Are current regulations sufficient to address the problem of falsified medical devices? A report published by the committee investigating medical product crime uncovered conflicting views among European member states. 

The recent report from the Committee of Experts on Minimising Public Health Risk Posed by Falsification of Medical Products and Similar Crimes (CD-P-PH/CMED) confirmed falsified medical devices have been identified across Europe. Yet, there are few investigations and even fewer prosecutions.

Its recently published report aims to raise awareness and encourage concrete action to address the issue, given the extreme lack of data and awareness for falsified medical devices.

When asked if the regulations were sufficient to address the problem of falsified medical devices, respondent countries gave varied and conflicting responses. While some countries simply stated it was “too early” to say, others commented that the regulations are not being used to their full potential.

The Medical Device Regulation (MDR) regulates falsified medical devices in all surveyed countries, however some countries also have additional national regulations in place.

Falsified medicines benefit from well determined requirements and enforcement across legislation, procedures, and responsibilities, specialist medical device consultant Matt Burton highlighted. But for falsified medical devices, “there is a much lower level of rigor applied” despite the same potential risk to patient, Burton concluded.

Falsified medical devices create various issues: not only can they fail to treat or prevent disease, posing significant risk to the patient, but they waste resources and lead to a loss of public confidence in healthcare providers.

The issue of falsified medical devices is significant and requires urgent attention, as reported by the World Health Organization.

How Does The MDR Regulate Falsified Medical Devices?

Several countries surveyed by the CD-P-PH/CMED indicated that it was “too early to assess whether it [the MDR] was sufficient to address the problem of falsification.” Others commented that the EU’s regulations were not used to their “full potential”.

Tiina Tyni, medical device regulatory specialist, highlights in a LinkedIn post the specific articles in the MDR which regulate falsified medical devices:

  • Article 2 (9) defines falsified devices;

  • Article 7 sets out prohibited false impression claims (i.e. claims that may suggest a product is a medical device when it is not);

  • Article 13 and 14 give reporting obligations for importers and distributors for falsified devices, respectively’; and

  • Article 93 gives competent authorities the right to take falsified devices off the market to protect public health.

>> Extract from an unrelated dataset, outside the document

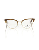 Indulge in the epitome of sophistication with Frankie Morello’s Clubmaster eyeglasses. These frames are an homage to classic style with a trendy twist, featuring a rich brown profile that shimmers subtly with glitters. Crafted in Italy, they are a statement piece that seamlessly fuses traditional aesthetics with contemporary glitz. Perfect for the fashion-forward individual looking to add a dash of glamour to their everyday look.

The Unique Identification System (UDI system) and the forthcoming introduction of the European database on medical devices (Eudamed) have been marked as key instruments in the “fight against falsified medical devices”, in the MDR and by MedTech Europe, the EU’s largest trade association representing medical technology industries.

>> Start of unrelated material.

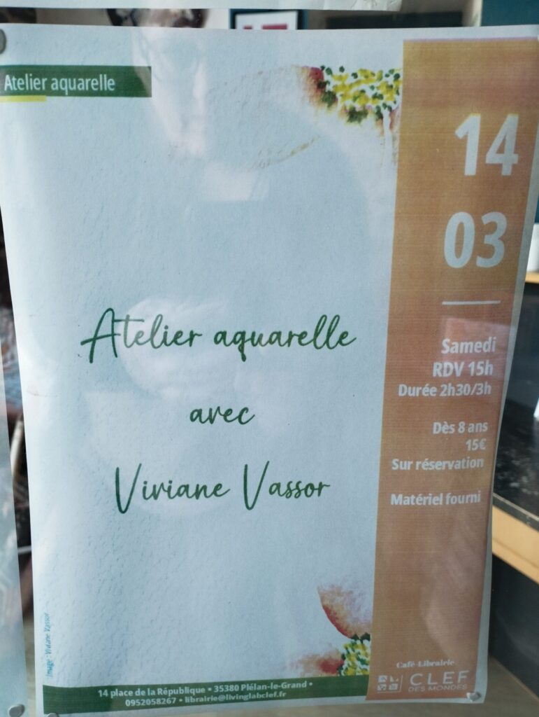 Venez retrouver Viviane VASSOR, qui vous propose un atelier aquarelle, le samedi 14 mars 2026 à 15h. Pensez à vous inscrire, 15€, dès 8 ans, matériel fourni.

“The effective functioning of EUDAMED and UDIs is pivotal in the battle against falsified devices. A robust system for identification and traceability is crucial for swiftly recognising and combating the infiltration of counterfeit medical technologies.” – MedTech Europe

Eudamed will give a living picture of the lifecycle of medtech products by integrating electronic systems to collate and process information about medical devices and their companies. The system will allow better access to relevant information by all key stakeholders, including by patients and practitioners, and it will improve coordination between member states and the EU.

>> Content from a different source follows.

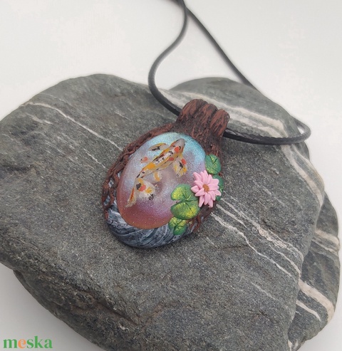 Koi medál, Koi tavacska, Vízcsepp medál, Miniatűr aranyhal, Egyedi figurás ékszer
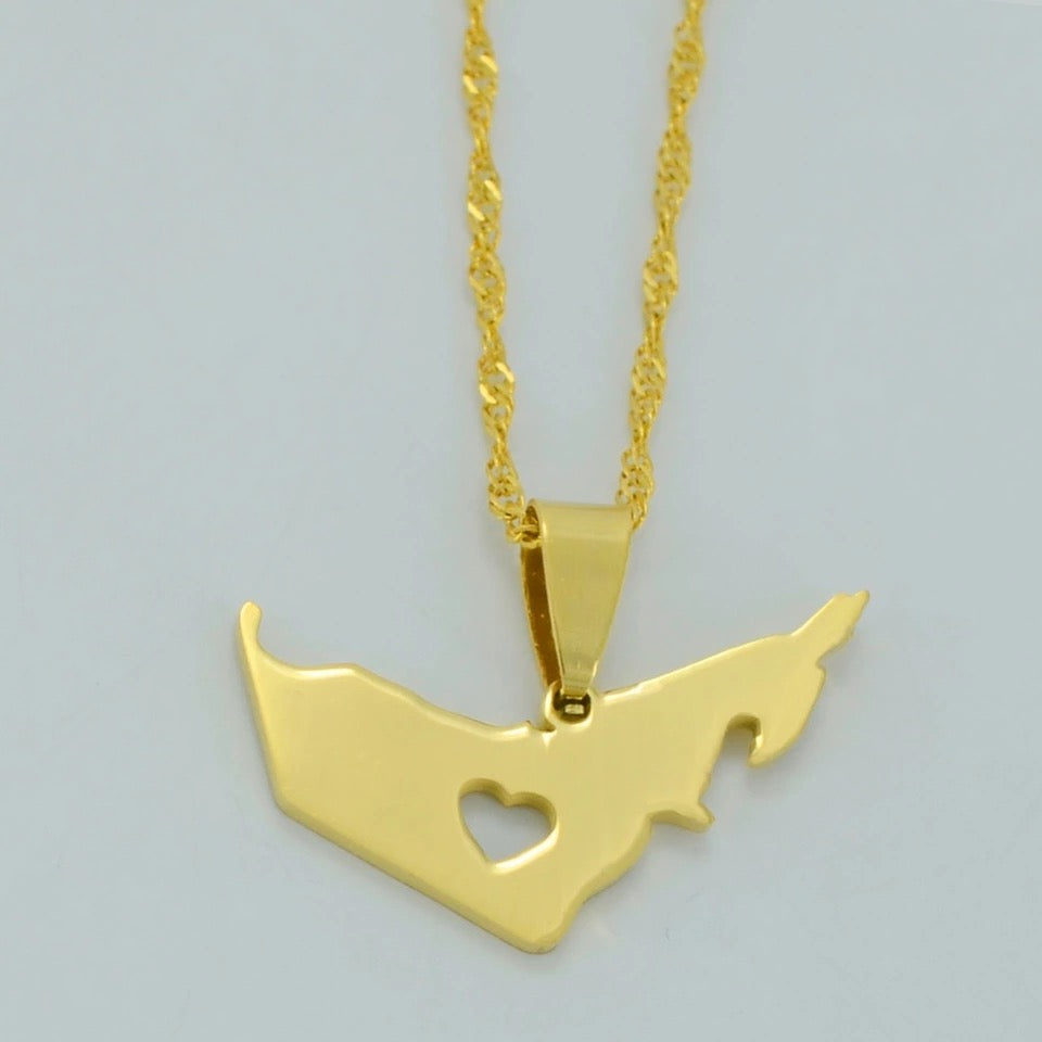 Plated jewelry with map of country.

Eudamed contains six modules, one of which is related to UDI and device registration.

The UDI allows for clear identification of a specific medical device product. The UDI systems will trace medical devices throughout their lifecycle, enhancing the effectiveness of post-market safety-related activities.

However, Petra Zollner, Medtech Europe’s Director of Regulatory Affairs, commented on a recent LinkedIn post, authored by Tiina Tyni, that while “transparency and traceability through Eudamed and the UDI will certainly help,” these tools cannot solve the issue of falsified devices alone.

MedTech Europe also contested the point that “it was too early” to say whether the MDR sufficiently addresses falsified medical devices, stating that “while MDR is no longer a new law, it is too early to tell if this framework will be sufficient for tackling the issue of falsified devices until we have experience with a fully operational and populated Eudamed.’’

MediCrime Convention: Coordination Between European Member States

Three of the respondent countries indicated that the MediCrime Convention is also used to regulate falsified medical devices.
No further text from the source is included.